O Ártico de Tamara Klink não é um útero. É uma matriz gelada, um não-lugar para a vida orgânica que conhecemos. E, no entanto, é ali, no silêncio absoluto da invernagem, que ela gesta algo muito mais potente do que um novo ser humano: ela gesta uma nova forma de existir no mundo.
A sociedade patriarcal sempre definiu o destino feminino a partir da biologia. O útero, nessa lógica, seria o cativeiro sagrado — o lugar onde se gestam os corpos que manterão a engrenagem da sociedade atual em funcionamento. Mas Tamara, como outras mulheres que desbravaram seus caminhos — de Cheryl Strayed às navegadoras solitárias, de Virginia Woolf às cientistas que desafiaram o gelo —, subverte esse lugar-comum. O útero deixa de ser o símbolo do confinamento doméstico para se tornar o epicentro da criação de outras sociedades possíveis.

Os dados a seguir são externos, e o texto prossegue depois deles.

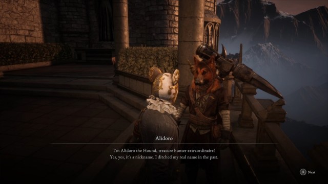 Alidoro might seem like a dangerous fellow at first, but he’s one of the few humans who won’t try to attack you. Instead, he offers up his services and lets you trade Rare Ergo for special weapons and amulets. The wares he sells here are entirely unique to him and can’t be acquired anywhere else with any other currency. So make sure you don’t spend any of that Rare Ergo on yourself before seeing him.
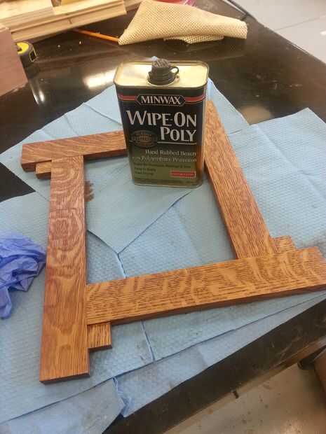 Una vez más, vamos a utilizar el poli. Sacúdalo bien real y luego poner una capa ligera en él. Creo que no puedo insisto capas ligeras bastante. No corro en muchas situaciones que requieren una capa pesada de nada. Recuerde, el deluente la capa, más rápido se seca. Eso significa menos tiempo para conseguir burbujas de aire, puntas de polvo o cualquier otro problema. ¿Partes brillantes? Frótelo con un trapo. Porque esto es un espejo y va a colgar en una pared, no estar viendo mucha manipulación, así que voy a poner dos capas. Si yo estuviera haciendo un pedazo de muebles, y esta fue la tapa de tabla, podría ir hasta cuatro capas. Una vez más, usando lana de acero entre capas.

Uma das passagens mais cortantes de Bom dia, inverno é quando Tamara confessa que, na imensidão branca, preferia deparar com um urso polar a encontrar um homem. Quando uma mulher coloca a ferocidade da natureza selvagem abaixo da ameaça de um desconhecido, somos obrigados a encarar o óbvio: o maior perigo para as mulheres não ronda nas montanhas ou nos oceanos, mas nas estruturas que construímos para abrigá-las. A sociedade que insiste em colocar o destino feminino dentro de casa é a mesma que a devora quando ela ousa sair. Preferir o urso é preferir o risco honesto da natureza ao risco perverso da cultura. É dizer: "Antes o gelo que me queima do que o olhar que me aprisiona."
E aqui entra a genialidade silenciosa de Amir Klink. Muitos imaginariam que o pai navegador lhe abriria os mares com mapas e atalhos. Ele fez o contrário. Recusou-se a pavimentar o caminho da filha, não por negligência, mas por uma confiança radical. Ensinou-lhe a construir a própria bússola errando. Ao não entregar o destino a ela de mão beijada, ele a obrigou a cavar o próprio chão. E ao cavar, Tamara não encontrou o legado do pai; encontrou a argila fértil de sua própria voz. Esse é o verdadeiro ato de nutrir uma nova sociedade: não proteger a mulher do mundo, mas devolvê-la a si mesma para que ela decida que mundo quer habitar.
Lendo Tamara, percebo que sua jornada não é sobre provar nada a ninguém. Essa é a armadilha que muitas mulheres caem — a de performar a força para ser aceitas. Tamara vai ao Ártico porque sua curiosidade e sua ambição a chamam. Ponto. Ela não escala montanhas para calar misóginos; escala porque a montanha (ou o gelo) faz parte de seu direito inalienável de sonhar. E é exatamente essa liberdade de agir por desejo, e não por reação, que nutre as futuras sociedades. Quando uma mulher ocupa um espaço simplesmente porque ele lhe pertence por direito de existência, ela rasga o contrato social antigo e costura um novo, onde a autonomia feminina não precisa de justificativa.
Ainda há quem estranhe uma mulher sozinha atravessando oceanos ou passando um inverno inteiro no Ártico. Mas eu estranho é o nosso espanto diante da liberdade feminina. Estranho é acharmos que o útero só serve para gerar filhos para a nação, quando ele pode — metaforicamente — gerar coragem, literatura, ciência e novos paradigmas. Tamara, em sua cabana congelada, gestou a si mesma. E ao narrar essa gestação, ela nos oferece um colo simbólico para todas as mulheres que ainda tremem diante do "não pertenço".
O destino de uma mulher, quando confiado a ela mesma, transborda os limites do lar e vai alimentar, com histórias de coragem, a alma coletiva da humanidade. Nutrir outras sociedades não é, portanto, um ato passivo de cuidado com o que já existe; é um ato revolucionário de imaginar o que ainda não é. E para isso, às vezes, é preciso atravessar o gelo, preferir o urso ao homem e escrever, com a própria mão, o mapa de um mundo onde o espanto diante da mulher livre finalmente se extingue.